Für den Vertragsinhalt sind die beiderseitigen schriftlichen Erklärungen maßgebend. Ist ein Vertrag geschlossen worden, ohne dass solche Erklärungen vorliegen, so ist die schriftliche Auftragsbestätigung von made for science oder, falls eine solche nicht erfolgt ist, der schriftliche Auftrag des Kunden maßgebend. Mündliche Nebenabreden sind nur verbindlich, wenn sie schriftlich von made for science bestätigt werden.
Der Kunde erkennt den Urheberrechtsschutz seitens made for science und die Gewährleistungsbedingungen mit dem Öffnen der Originalverpackung an.
Alle Bestellungen stehen unter dem Vorbehalt rechtzeitiger Selbstbelieferung; dies gilt jedoch nur, sofern made for science alles Erforderliche für eine fristgerechte Selbstbelieferung veranlasst hat.

§ 3 LIEFERUMFANG

Für den Umfang der Lieferung ist die schriftliche Auftragsbestätigung von made for science maßgebend. Im Falle eines Angebots von made for science mit zeitlicher Bindung und fristgemäßer Annahme gilt der Inhalt des Angebots, sofern keine ausdrückliche schriftliche Auftragsbestätigung übersandt wird.
Die Lieferung erfolgt auf Kosten des Kunden ab dem Lagerort in Deutschland.
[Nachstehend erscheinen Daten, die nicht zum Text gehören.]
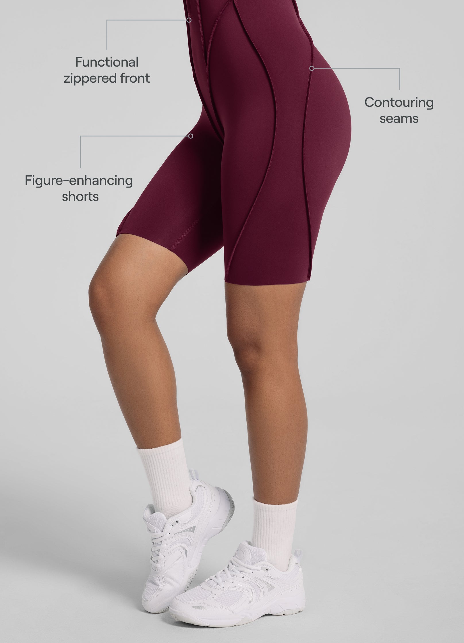 La Catsuit Sleek Shorts est plus qu'un vêtement, c'est un véritable accessoire du quotidien. Vous cherchez une tenue de sport qui puisse convenir pour un brunch ? Le tour est joué. Vous cherchez à être à l'aise et irrésistible ? Facile. Avec son look élégant et sa fermeture éclair sur le devant, cette combi est le vêtement polyvalent par excellence ; chic, confortable et portable à l'infini. Enfilez-la, portez-la fièrement et laissez fuser les compliments.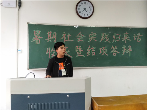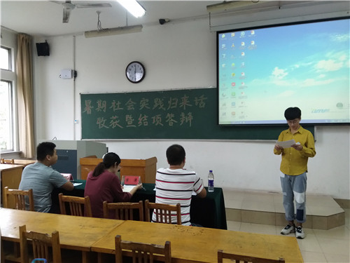 为了展示暑期社会实践成果,交流分享实践经验,9月21日下午,资环学院在12号教学楼412教室举行社会实践归来话收获暨结项答辩大会。我院团总支老师苗涛、17届生会主席葛文成、副主席叶其鑫以及十支社会实践团代表参加此次答辩。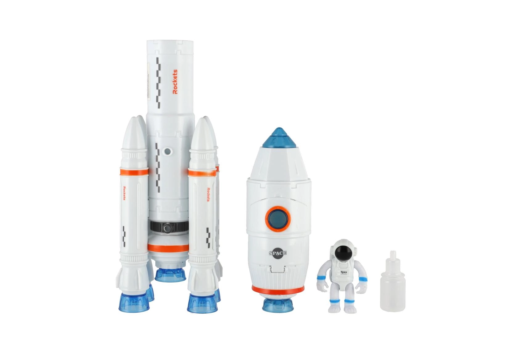 Komplektā ir mazs astronauts un uzpildes pudelīte. Bērni var veidot savus stāstus par kosmosu.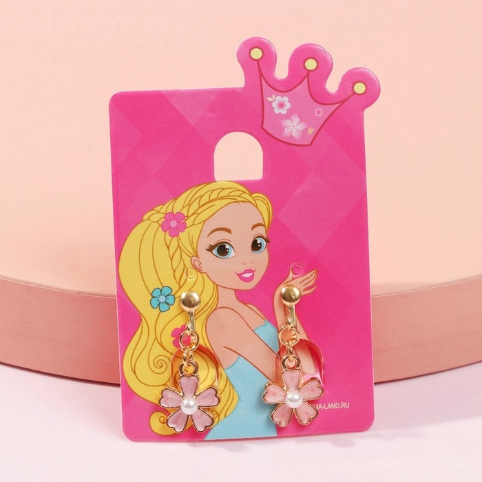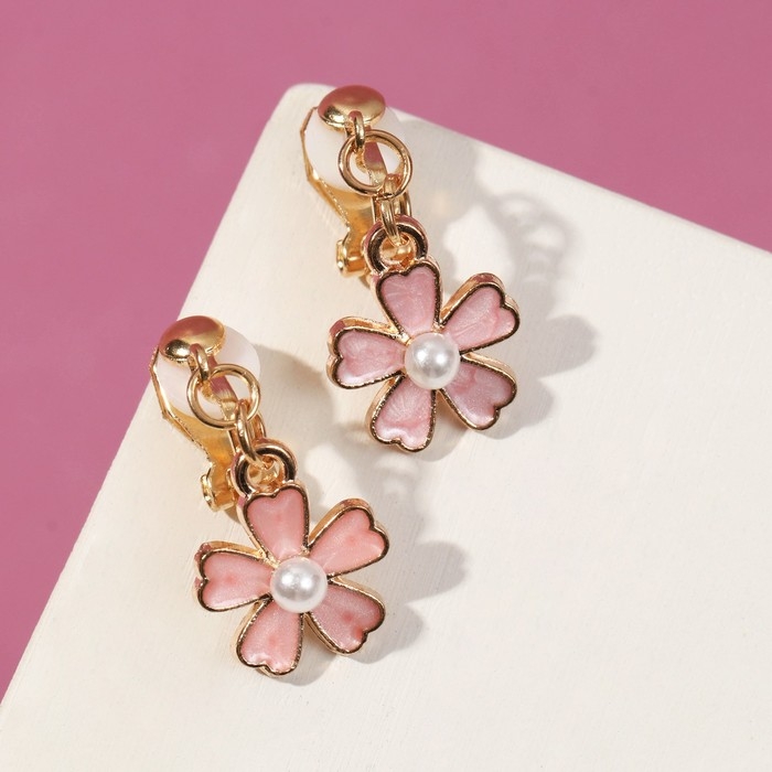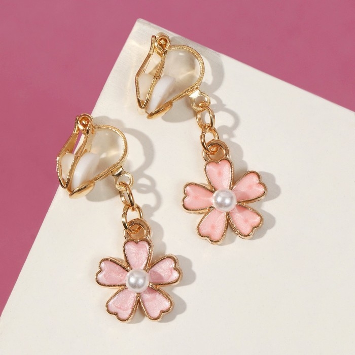 Серьги-клипсы детские «Выбражулька» цветочек с жемчужиной, цвет бело-персиковый в золоте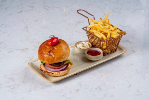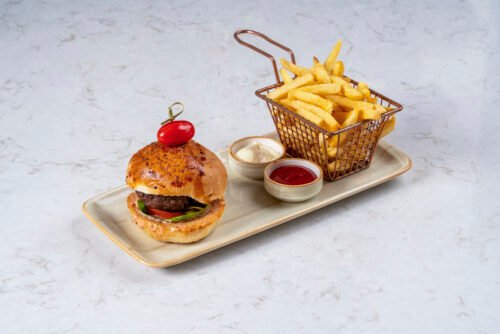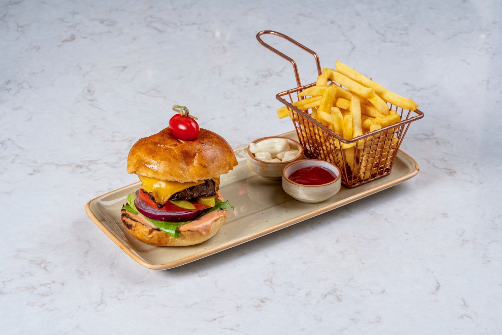 A Burger with 140-Gram Beef Patty, Onion, greens with french fries....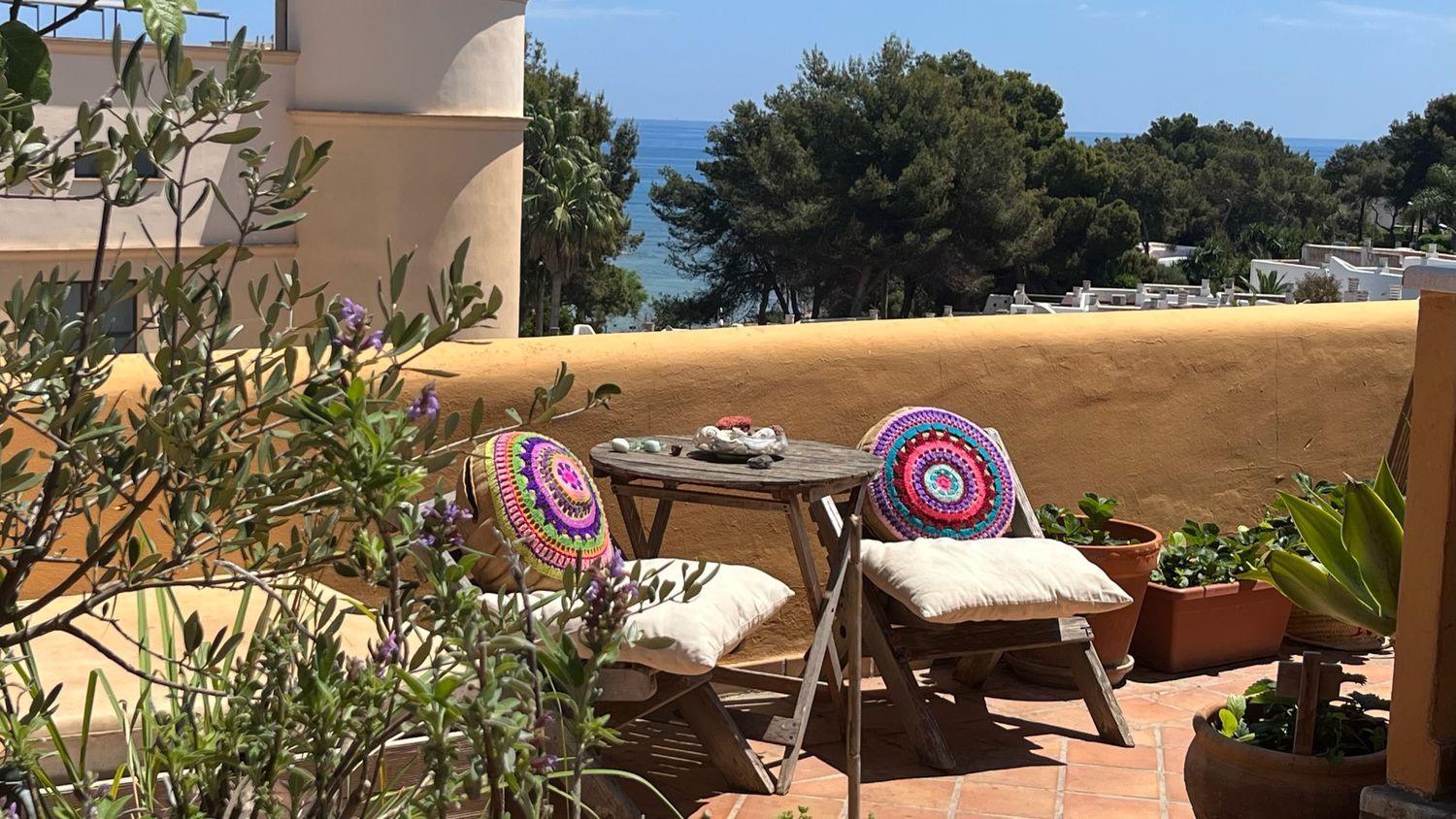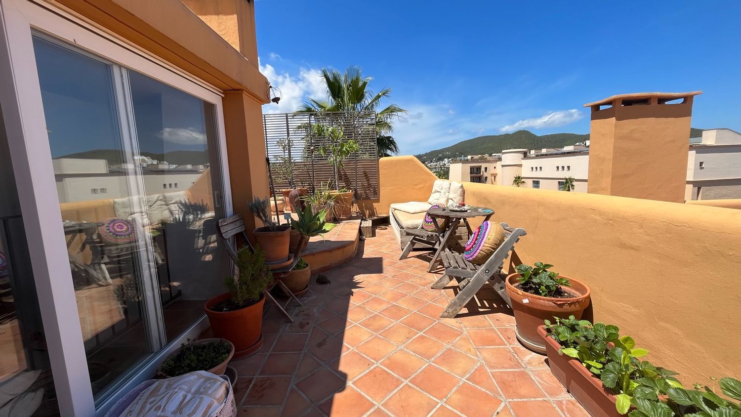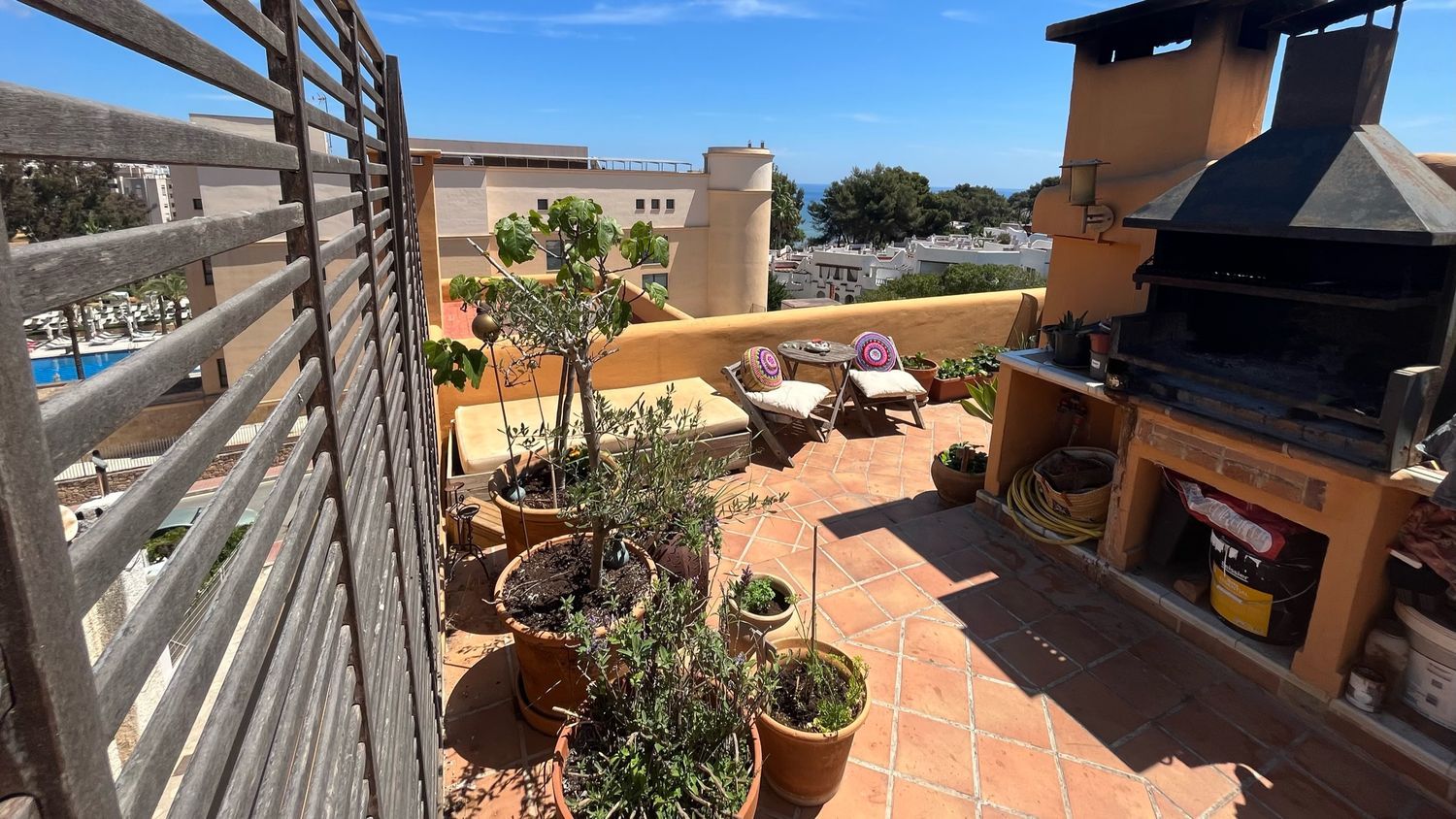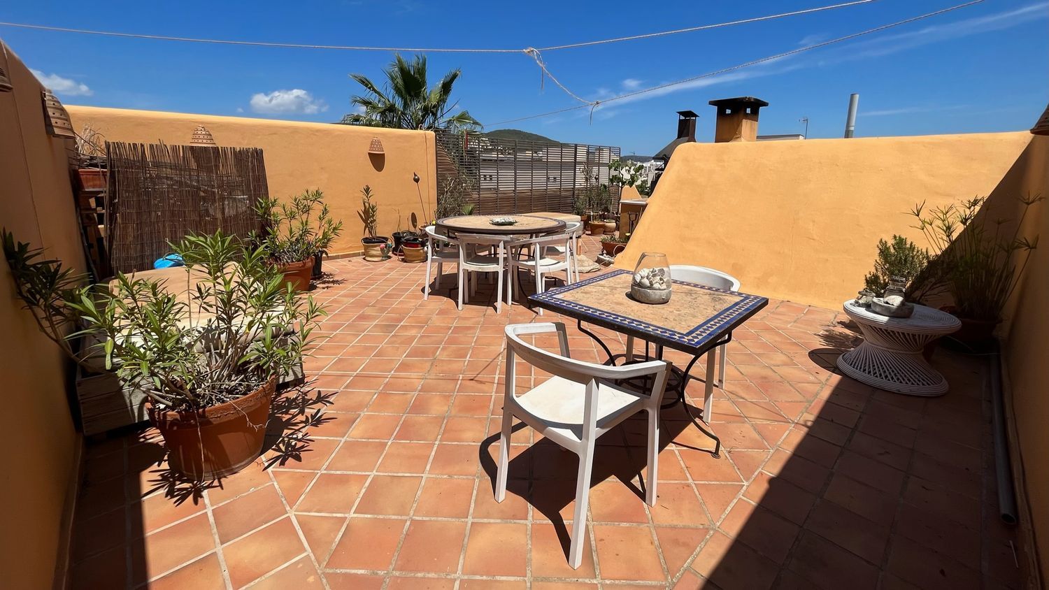 ¿Has pensado vivir en la soleada isla de Ibiza? Nuestro hermoso duplex es al mismo tiempo acogedor y espacioso, desde su gran terraza privada podrás ver el mar al que podrás caminar en un par de minutos. Este apartamento está situado en una calle tranquila de Siesta, a tan solo 15 minutos caminando de Santa Eulalia del Río.Santa Eulalia es una codiciada urbanización del noreste de la isla, con vida durante todo el año, donde encontrarás diversidad de restaurantes, tiendas y todos los servicios necesarios para vivir con comodidad.Adicionalmente, cuenta con un divertido paseo marítimo, una prestigiosa marina, colegios privados y públicos, centro de salud, farmacias y un polideportivo.El edificio con solo 12 propietarios y muy bien mantenido tiene piscina que puedrás ver desde el apartamento. Al llegar al piso, encontrarás una pequeña terraza y un acogedor y elegante salón con imponente techo de 5 metros de altura, una útil chimenea y una gran escalera que conduce a una espaciosa y cómoda terraza de vista 360º y bbq al aire libre.El apartamento tiene 3 dormitorios y 2 baños. Una habitación principal con baño en suite y vestier, y otros dos que comparten un segundo baño. Hay calefacción central de gas en todas las habitaciones.Los metros útiles son 115mt2 más una gran terraza privada de 80mts2.Por favor comunícate conmigo, el propietario, en caso de estar interesado. Aprovecha esta oportunidad ideal para familias que deseen vivir con tranquilidad y comodidad.

Mit der Übergabe der bestellten Ware an den Spediteur oder an eine sonstige mit dem Transport beauftragte Person oder Anstalt geht die Gefahr auf den Kunden über; dies gilt auch bei frachtfreier Lieferung. made for science ist berechtigt, aber ohne ausdrückliche schriftliche Weisung des Kunden nicht verpflichtet, den Transport auf Kosten des Kunden zu versichern. Ist der Kunde Verbraucher, geht die Gefahr des zufälligen Untergangs und der zufälligen Verschlechterung der verkauften Sache auch beim Versendungskauf erst mit Übergabe der Sache auf den Kunden über.
Die im Auftrag genannten Lieferfristen und -termine stellen keine Fixtermine dar. made for science ist bemüht, diese Fristen nach Möglichkeit einzuhalten. Die Lieferfrist ist eingehalten, wenn der Liefergegenstand innerhalb der Lieferfrist das Werk von made for science verlassen hat oder die Versandbereitschaft mitgeteilt wird. Für den Verzugseintritt ist eine Mahnung erforderlich. Alle Fristen stehen unter dem Vorbehalt fristgerechter Vornahme aller etwa erforderlichen bzw. vereinbarten vorherigen Mitwirkungshandlungen des Kunden.
Lieferverzögerungen aufgrund höherer Gewalt, in Folge veränderter behördlicher Genehmigungs- und Gesetzeslage, Betriebsstörungen, Arbeitskämpfe, Materialbeschaffungsprobleme sind von made for science – auch soweit sie bei Zulieferern selbst eintreten – selbst bei verbindlich vereinbarten Lieferterminen nicht zu vertreten. In diesen Fällen verlängert sich das vereinbarte Lieferdatum stillschweigend um den zur Beseitigung des Hindernisses notwendigen, angemessenen Zeitraum zuzüglich einer angemessenen Anlauffrist.
Sofern made for science die Einrichtung der Software und/oder Beratungsleistungen für die Einrichtung übernommen hat oder sich verpflichtet hat, Arbeiten am Server des Kunden zu unternehmen, ist der Kunde verpflichtet, vor den Arbeiten für eine ausreichende und aktuelle Datensicherung zu sorgen. made for science wird nach den anerkannten Regeln der Technik die Arbeiten durchführen oder durchführen lassen. made for science weist hiermit ausdrücklich darauf hin, dass eine Prüfung auf die Geeignetheit des Systems dem Kunden obliegt, die dieser anhand der vorliegenden Datenblätter in eigener Verantwortung vornehmen muss. Unwägbarkeiten, insb. Unverträglichkeiten mit anderen Programmen des Kunden sind nie auszuschließen und führen nicht zu Haftungsansprüchen des Kunden.
Training, Beratung oder Schulungen hinsichtlich des Einsatzes der Software sind kostenpflichtig und werden nur nach entsprechender Vereinbarung zu vereinbarten Sätzen erbracht.
Support wird grundsätzlich nicht geschuldet außer im Falle einer ausdrücklichen Vereinbarung; den Support übernimmt, soweit erforderlich und vertragstypisch zu erwarten, der jeweilige Hersteller.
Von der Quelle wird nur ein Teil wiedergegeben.